Qiao Jianping, Li Anning, Cao Chongfeng, Wang Zhishun, Sun Jiande, Xu Guangrun
School of Physics and Electronics, Shandong Normal University, Jinan, China.
Shandong Province Key Laboratory of Medical Physics and Image Processing Technology, Shandong Normal University, Jinan, China.
Front Hum Neurosci. 2017 Dec 19;11:626. doi: 10.3389/fnhum.2017.00626. eCollection 2017.
Neural disruptions during emotion regulation are common of generalized anxiety disorder (GAD). Identifying distinct functional and effective connectivity patterns in GAD may provide biomarkers for their diagnoses. This study aims to investigate the differences of features of brain network connectivity between GAD patients and healthy controls (HC), and to assess whether those differences can serve as biomarkers to distinguish GAD from controls. Independent component analysis (ICA) with hierarchical partner matching (HPM-ICA) was conducted on resting-state functional magnetic resonance imaging data collected from 20 GAD patients with medicine-free and 20 matched HC, identifying nine highly reproducible and significantly different functional brain connectivity patterns across diagnostic groups. We then utilized Granger causality (GC) to study the effective connectivity between the regions that identified by HPM-ICA. The linear discriminant analysis was finally used to distinguish GAD from controls with these measures of neural connectivity. The GAD patients showed stronger functional connectivity in amygdala, insula, putamen, thalamus, and posterior cingulate cortex, but weaker in frontal and temporal cortex compared with controls. Besides, the effective connectivity in GAD was decreased from the cortex to amygdala and basal ganglia. Applying the ICA and GC features to the classifier led to a classification accuracy of 87.5%, with a sensitivity of 90.0% and a specificity of 85.0%. These findings suggest that the presence of emotion dysregulation circuits may contribute to the pathophysiology of GAD, and these aberrant brain features may serve as robust brain biomarkers for GAD.

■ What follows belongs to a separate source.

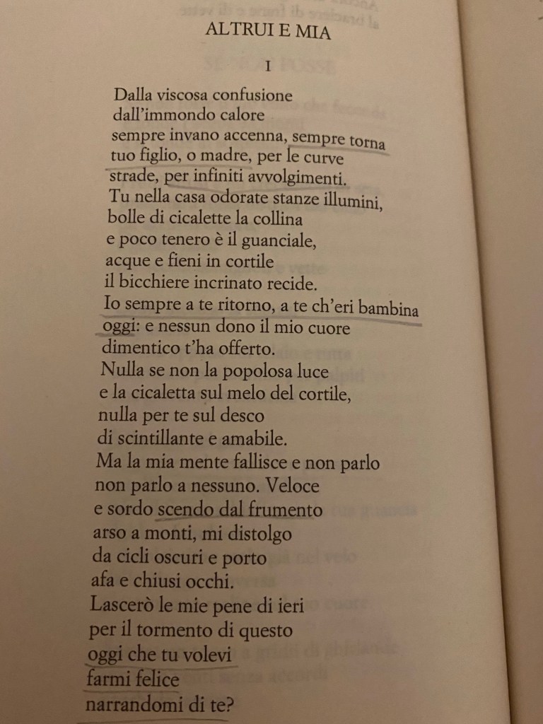 Andrea Zanzotto in Vocativo, “Altrui e mia”, attraverso un contorto e fibrillante flusso psichico torna alla sua origine in una madre bambina. È luglio, le cicale inquietano il primo mattino d’estate, nasce infante una madre ed è già tormento torrido, sete di latte, latte di sete per il figlio che verrà tra le fiamme di una stessa culla che frinisce pathos tra le coperte. Poesia Mondadori

情绪调节过程中的神经紊乱是广泛性焦虑症(GAD)的常见症状。识别GAD中独特的功能和有效连接模式可能为其诊断提供生物标志物。本研究旨在调查GAD患者与健康对照者(HC)之间脑网络连接特征的差异,并评估这些差异是否可作为区分GAD与对照者的生物标志物。对20名未服药的GAD患者和20名匹配的HC收集的静息态功能磁共振成像数据进行了带有分层伙伴匹配的独立成分分析(HPM-ICA),确定了九个跨诊断组高度可重复且显著不同的功能性脑连接模式。然后,我们利用格兰杰因果关系(GC)研究HPM-ICA识别出的区域之间的有效连接。最后使用线性判别分析,通过这些神经连接测量来区分GAD与对照者。与对照者相比,GAD患者在杏仁核、岛叶、壳核、丘脑和后扣带回皮层表现出更强的功能连接,但在额叶和颞叶皮层则较弱。此外,GAD中从皮层到杏仁核和基底神经节的有效连接减少。将ICA和GC特征应用于分类器,分类准确率达到87.5%,敏感性为90.0%,特异性为85.0%。这些发现表明,情绪调节回路的存在可能导致GAD的病理生理学,这些异常的脑特征可能作为GAD可靠的脑生物标志物。